Sposa poi Maruzza, che è assai più giovane di lui. Prima di maritarsi, però, amplia la casa e non trova niente di più naturale che costruire un altro cubo di mattoni da porre sopra al primo modulo, mettendo una scala interna di comunicazione tra l’uno e l’altro.

Poi i tre figli. E via via che arrivano, essendo stretta la camera da letto del cubo superiore, Gnazio aggiunge di lato a quello inferiore altri moduli abitativi sempre di tre metri per tre, inglobando tra essi anche lo spazio per gli animali e per la cisterna d’acqua.
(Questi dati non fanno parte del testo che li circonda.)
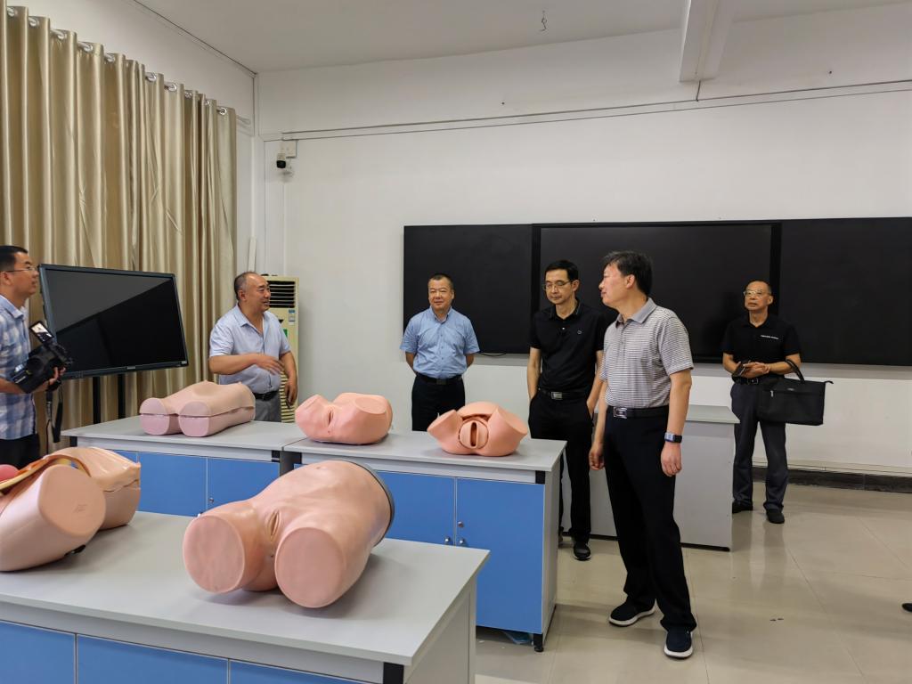 夏卫东一行来到医学院,了解专业设置、校企合作、学生就业等情况。随后来到医学院实训室,详细了解实训课程开展等情况,对学校技能型人才培养、服务地方特色产业发展的担当与成效给予肯定。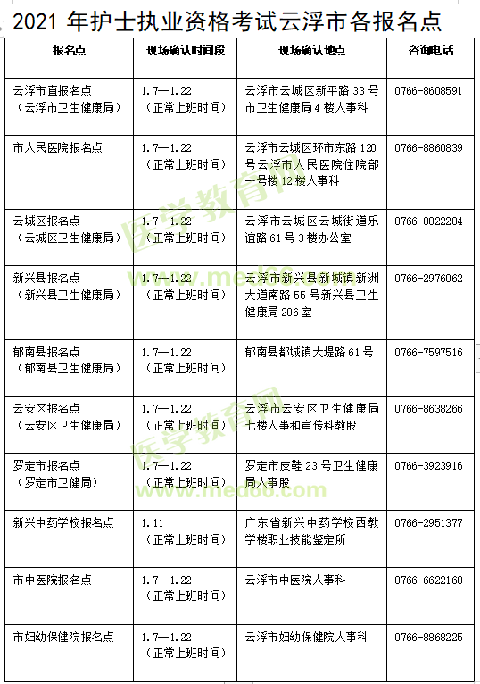 附件1:2021年護(hù)士執(zhí)業(yè)資格考試云浮市各報(bào)名點(diǎn)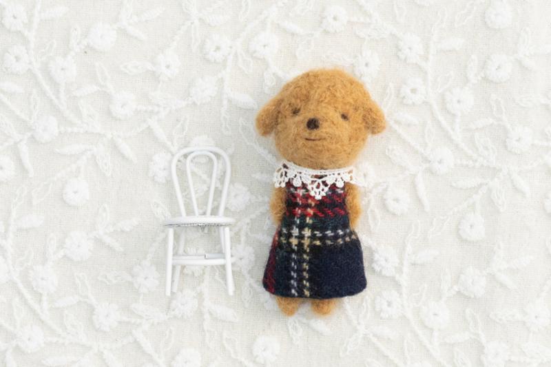 ループヤーンを使ったクルクル巻毛のプードル。チェックのワンピースにおしゃれなレースの襟が似合います。羊毛フェルトの基礎から、クルクル巻毛のテクニックも学べます。

Tutte le aperture, porte o finestre, sono sempre da lato terra per la sua costante avversione per il mare, pur avendo per moglie una donna che del mare e col mare ama vivere.
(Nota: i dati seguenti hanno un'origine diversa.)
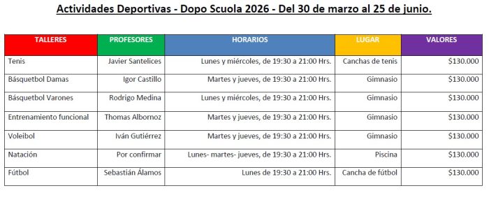 Invitamos a todos los apoderados y ex alumnos a sumarse y participar en las Actividades Deportivas “Dopo Scuola 2026”, programadas para este Primer Semestre. Una excelente oportunidad para disfrutar del deporte.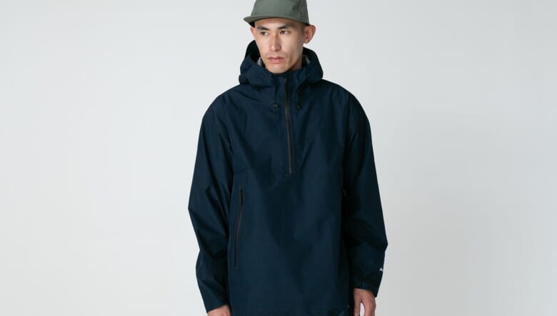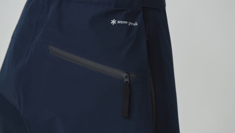 これらスノーピークの“GORE-TEX Rain”シリーズは、新たにリサイクル100%のポリエステル材やフッ素フリーの撥水材など環境に配慮したマテリアルにブラッシュアップされているのも見逃せない。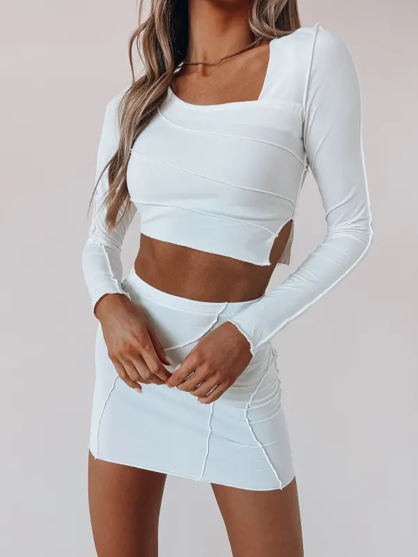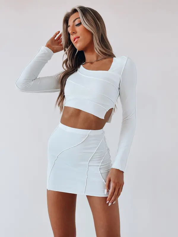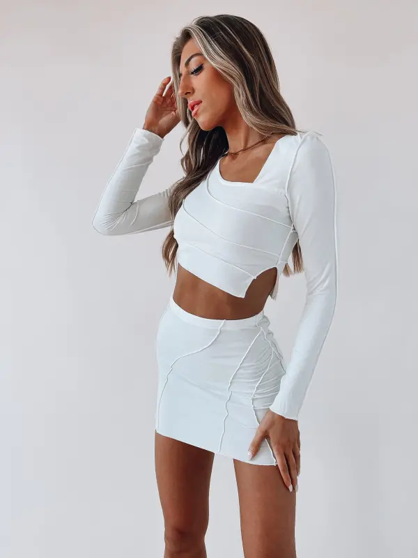 Our Lisandra Cropped Mini Skirt Set is an all-white set. This set has an asymmetrical neckline with seam detail on both the top and skirt. The top has a slight side slit.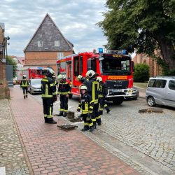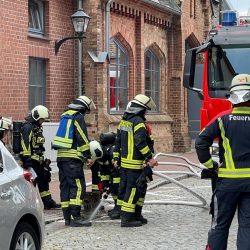 Ungewöhnlicher Einsatz für Warens Feuerwehr vor wenigen Minuten: Ein Postbote hat zum Glück schnell reagiert, als er aus einem Gulli in der Kirchenstraße mitten in Warens Innenstadt eine Stichflamme sah und es aus mehren Gullis qualmte. Und das Ganze unmittelbar neben geparkten Autos. Was genau in Warens Untergrund brannte, ist noch unklar, die Kameraden der Wehr waren aber sehr schnell zur Stelle.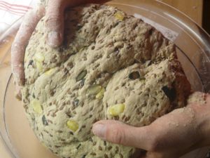 Über Nacht: Lassen Sie den Teig über Nacht im Kühlschrank auftauen oder etwa 12 Stunden lang in dem Plastikbeutel, in dem er verpackt ist. Nehmen Sie ihn aus dem Kühlschrank, nehmen Sie ihn aus dem Beutel, formen Sie ihn zu einer Kugel und legen Sie ihn in eine leicht geölte große Schüssel.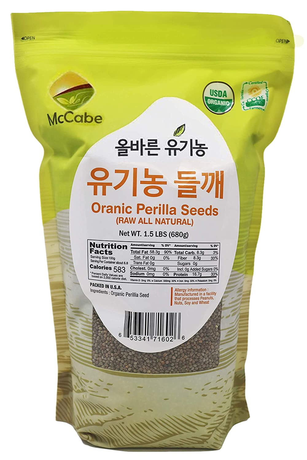McCabe Organic Raw Perilla Seeds, 1.5-Pounds, USDA Certified Organic, Packed in USA

Un giorno di maggio del 1908 – la data ha una sua importanza per quello che Camilleri racconta - giunge a Ninfa un forestiero armato di fogli e matita e di una vistosa macchina fotografica. Dice di chiamarsi Lyonel e di essere un americano trapiantato in Germania, ad Amburgo. Il miricano è accolto da Gnazio e dai suoi con l’ospitalità che è propria di gente semplice e alla buona. Lyonel resta subito ammirato del modo in cui è costruita l’abitazione di Gnazio, utilizzando un modulo cubico di tre metri per tre e la distanza tra un blocco e l’altro che è sempre un multiplo di tre.

Irresistibile il dialogare tra i due: l’uno coltissimo e raffinato, l’altro intelligente ma primitivo. “Continuaro a parlari in miricano – scrive Camilleri – il miricano in miricano bono, Gnazio in miricano bastardo”. Lyonel nota le proporzioni della costruzione e la razionalità con la quale è realizzata e gli chiede se abbia studiato architettura, parola del tutto sconosciuta a Gnazio, per cui è costretto a spiegargli che gli architetti sono quelli che progettano e costruiscono le case.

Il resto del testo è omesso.